-------- Entries shown --------

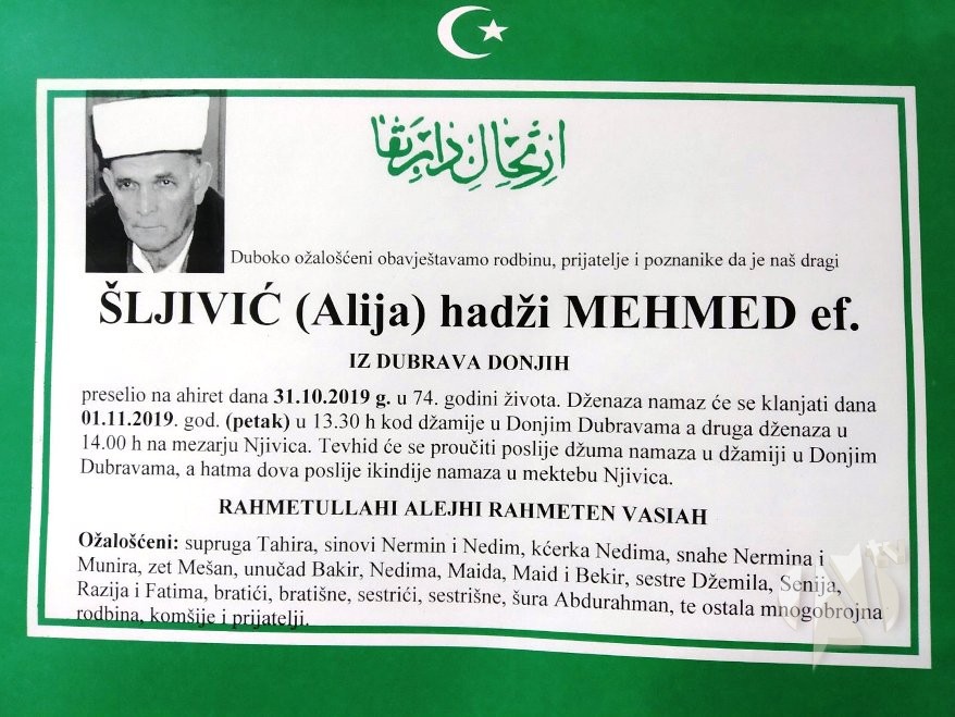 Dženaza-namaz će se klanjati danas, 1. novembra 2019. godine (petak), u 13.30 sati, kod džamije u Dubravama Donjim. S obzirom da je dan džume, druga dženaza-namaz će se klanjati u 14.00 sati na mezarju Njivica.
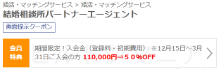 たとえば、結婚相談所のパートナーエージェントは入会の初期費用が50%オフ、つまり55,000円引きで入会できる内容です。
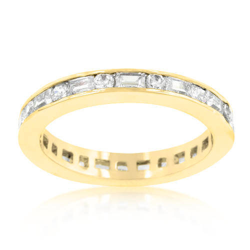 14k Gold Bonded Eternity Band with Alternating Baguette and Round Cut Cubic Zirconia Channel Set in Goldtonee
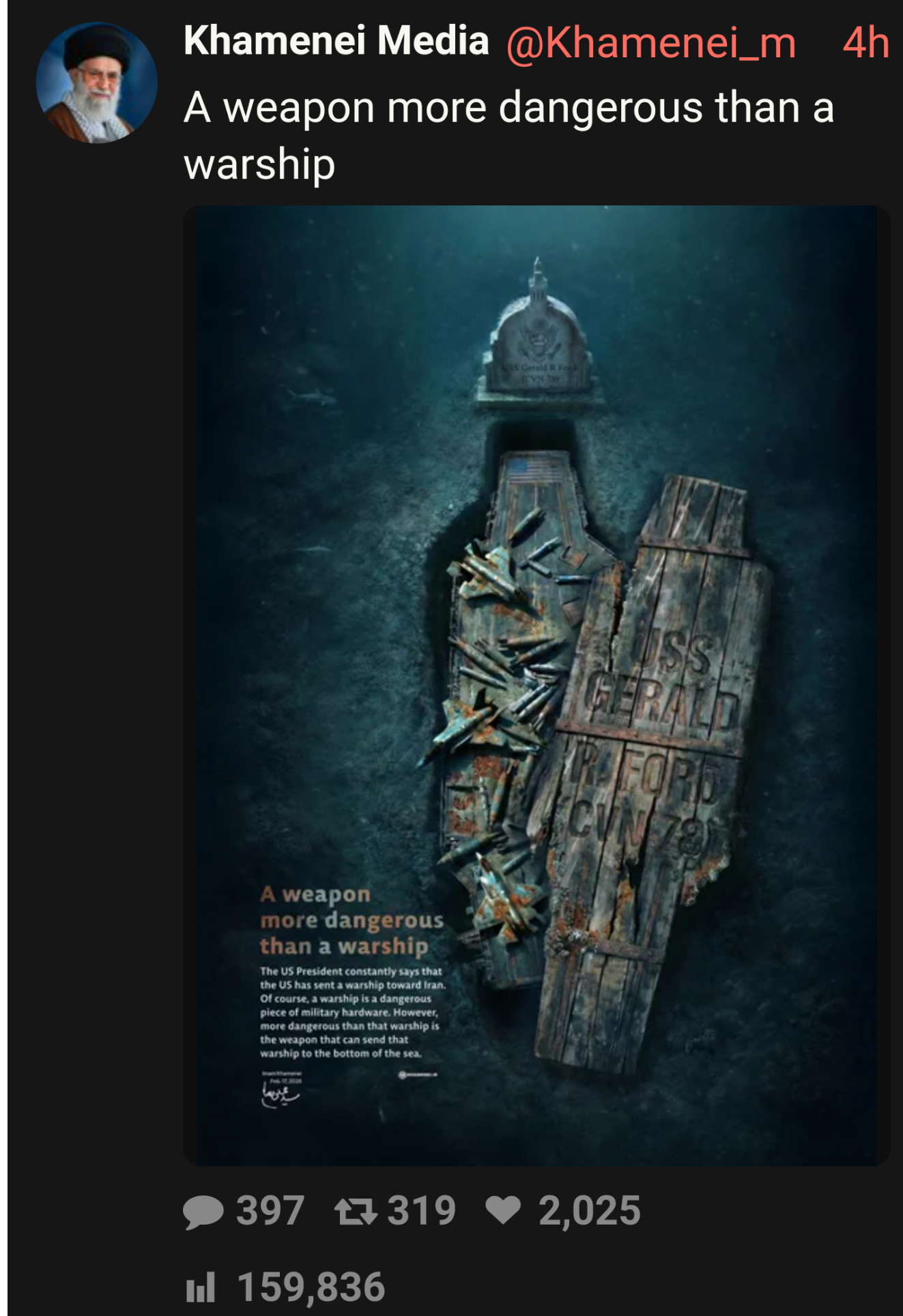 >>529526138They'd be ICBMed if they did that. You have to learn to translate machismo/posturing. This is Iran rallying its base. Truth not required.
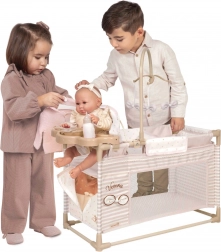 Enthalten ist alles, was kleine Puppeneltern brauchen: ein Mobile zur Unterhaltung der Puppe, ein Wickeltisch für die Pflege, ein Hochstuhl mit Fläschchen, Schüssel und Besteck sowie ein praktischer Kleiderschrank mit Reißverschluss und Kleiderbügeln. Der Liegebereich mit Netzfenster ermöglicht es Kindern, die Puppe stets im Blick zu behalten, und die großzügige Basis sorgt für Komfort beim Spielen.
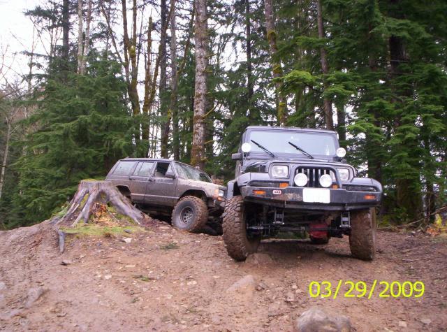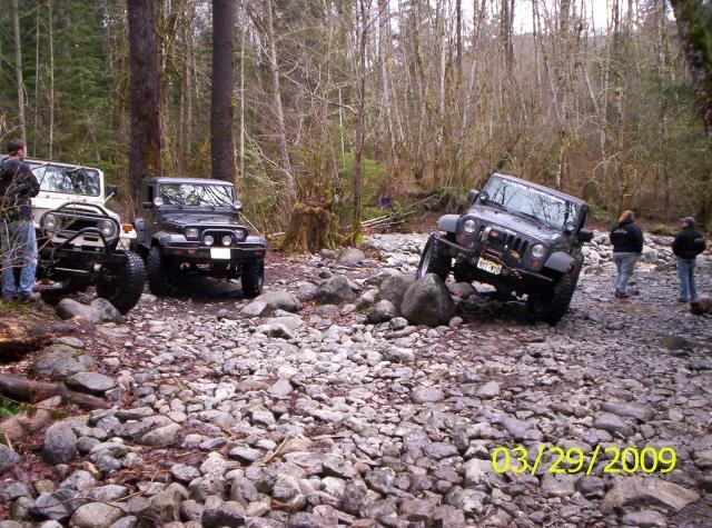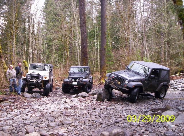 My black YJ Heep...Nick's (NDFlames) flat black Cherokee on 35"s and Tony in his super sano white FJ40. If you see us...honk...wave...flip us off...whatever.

--------

Work to complete
Reproduce word for word, with pictures dropped, only the part of the material above that opens with the line containing "たとえば、結婚相談所のパート" and closes with the line containing "Truth not required.".

Result for this exercise
 たとえば、結婚相談所のパートナーエージェントは入会の初期費用が50%オフ、つまり55,000円引きで入会できる内容です。
 14k Gold Bonded Eternity Band with Alternating Baguette and Round Cut Cubic Zirconia Channel Set in Goldtonee
 >>529526138They'd be ICBMed if they did that. You have to learn to translate machismo/posturing. This is Iran rallying its base. Truth not required.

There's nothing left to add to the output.